Fortunatamente nessuno di noi è monomaniaco per quel che riguarda i gusti musicali, i nostri capisaldi vanno da Bach fino ai Kraftwerk, passando per gli Spinal Tap, Zappa e Stephen Shlaks (tutti artisti che il più giovane, se vivo, ha 70 anni). Questo ci porta ad avere un approccio molto libero alla musica, diremmo “vario ed eventuale”. Il fil rouge che unisce tutte queste influenze apparentemente diverse tra loro è il volume inaffrontabile a cui suoniamo.

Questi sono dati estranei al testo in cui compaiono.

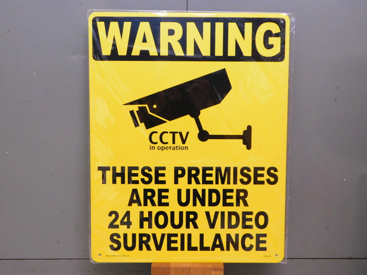 - サインプレートLサイズ CA-L03 《24時間監視中》 WARNIG 警告 ガレージ 看板 アメリカ サインボード

Cile, Spagna e Italia…un bel mix culturale. Le vostre differenti origini hanno influenzato la vostra produzione musicale?
Barcellona è un melting pot incredibile, il che per un artista è uno stimolo decisivo. Il fatto di doversi confrontare con culture e idiomi diversi è sicuramente una fonte d’ispirazione impagabile, ad esempio il fatto che nel gruppo non ci capiamo quando ci parliamo dà luogo a soluzioni creative inaspettate.
Il 10 settembre suonerete sul palco del MArteLive, ne avete mai sentito parlare? Cosa ne pensate? Esiste qualcosa di simile in Spagna?
Certo che ne abbiamo sentito parlare, per chi ci hai preso? Secondo noi questo tipo di evento che sintetizza il concetto di arte nella sua accezione più ampia è assolutamente vincente, anzi è una di quelle cose che avremmo voluto inventare noi, un pò come “Let It Be” o Internet.
Grazie ragazzi, ci vediamo sotto il palco dell’Alpheus!
Grazie a te Paola, e occhio a stare proprio sotto il palco: Franz quando canta sputa un casino.